E.B.: Eu não acredito que a IA esteja a roubar trabalhos de artistas. Acho que a relação entre a arte e a inovação tecnológica tem de ser interpretada de forma diferente. A [ideia de] criatividadea figura do artista, foi um laboratório para a transição do paradigma do trabalho operário para um paradigma pós-fordista. É um modelo de produção baseado em ser empreendedor de si próprio, flexível, colaborativo, multi-tarefa. Dentro deste paradigma das indústrias criativas, a organização social das plataformas digitais desenvolveu-se. O laboratório da criatividade e o excedente que esta continuamente reproduz são capturadas pelo capital em forma de inovação tecnológica. A criatividade dissolve-se na sociedade como uma aspirina num copo de água, como diz Paolo Virno no “Gramática da multitude”. Eu acrescento: que desse copo de água emergiu uma sociedade de controlo algorítimico e a automação dos nossos comportamentos. Por trás da I.A. está a inteligência coletiva de milhões de pessoas que contribuíram para as suas capacidades, centenas de milhar de trabalhadores mal pagos que invisivelmente mantém a infraestrutura e o seu funcionamento. Ao contrário das indústrias criativas, a arte mais do que nunca tem o papel de dar expressão à subversão, sabotagem, ao espaço para desautomatizar os circuitos tecnológicos de dominação. 

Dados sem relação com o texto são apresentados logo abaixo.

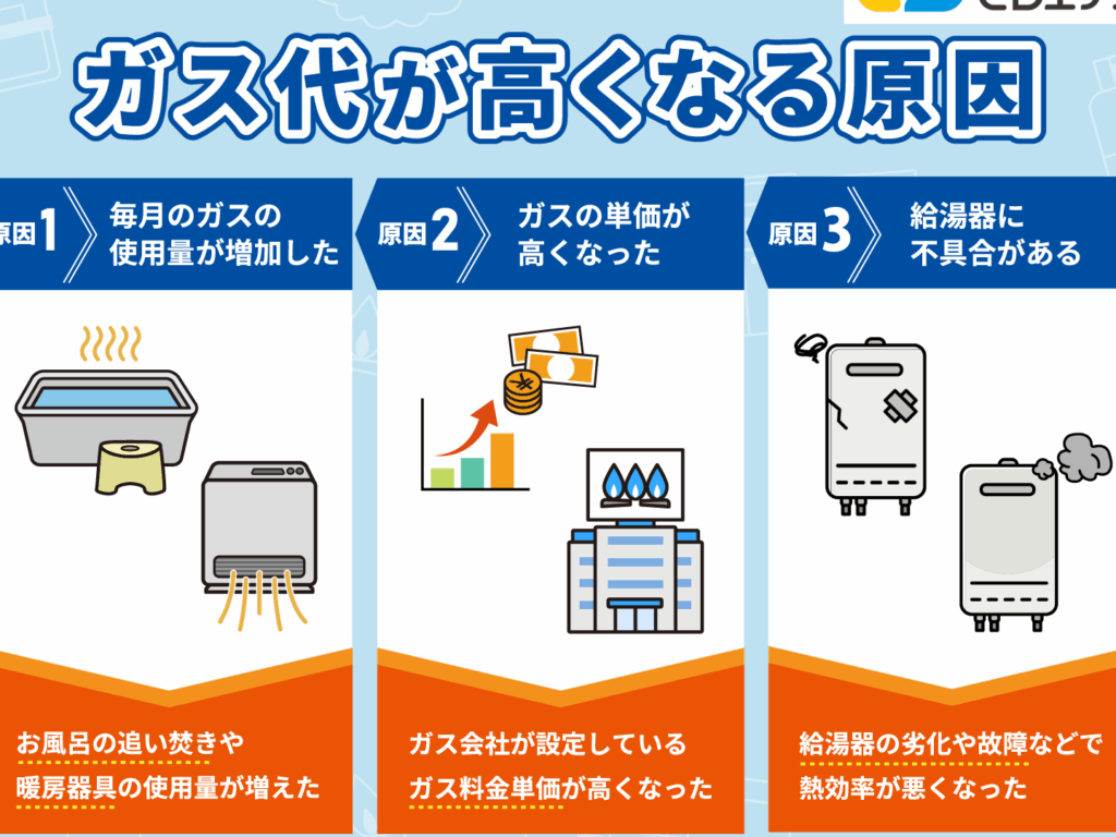 ガス料金は、基本料金と使用量に基づく従量料金に分けられる。基本料金は、月々の固定費として計上される。使用量に応じた従量料金は、ガスの消費にリンクしてくる。一般的に、家庭でのガス使用量は、暖房や給湯に関連し、多くの場合、冬季にピークを迎える。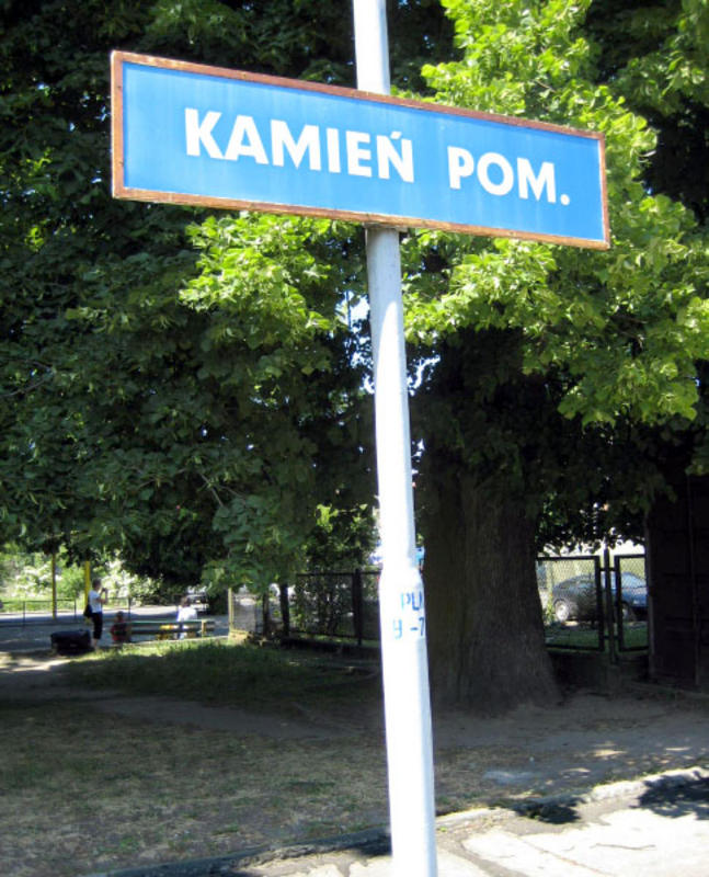 Stacja PKP Kamień Pomorski. Tablica z nazwą przystanku na słupie elektrycznym.

S.: Acreditam que o RBI podia ser importante também para libertar artistas da sua necessidade quase existencial de produzir para o mercado? 

E.B.: Eu não quero perpetuar a ideia da arte como um espaço de privilégio, criado por individuos que podem pagar por ela económica e culturalmente. O nosso amigo e camarada, Gregory Sholette, no “Dark Matter”, contrasta a enorme produção invisível de símbolos, arte, cultura, que se dá no ativismo e na cooperação social, com os poucos artistas reconhecidos como famosos pelo sistema artístico e o mercado. A imensa produção de arte, signos, e a cultura da própria sociedade está para os artistas famosos como a matéria negra no universo está para as poucas estrelas visíveis. Eu acredito que enquanto instituições artísticas, temos de construir dispositivos discursivos que existam dentro do social e das lutas. Enquanto o mercado da arte tende a mercantilizar o ativismo e a investigação militante, a estetizar as lutas, eu acredito no oposto: devemos compreender como os dispositivos expressivos podem tornar-se máquinas de guerra (no sentido em que Gilles Deleuze usa este termo) para organizar processos de libertação na sociedade.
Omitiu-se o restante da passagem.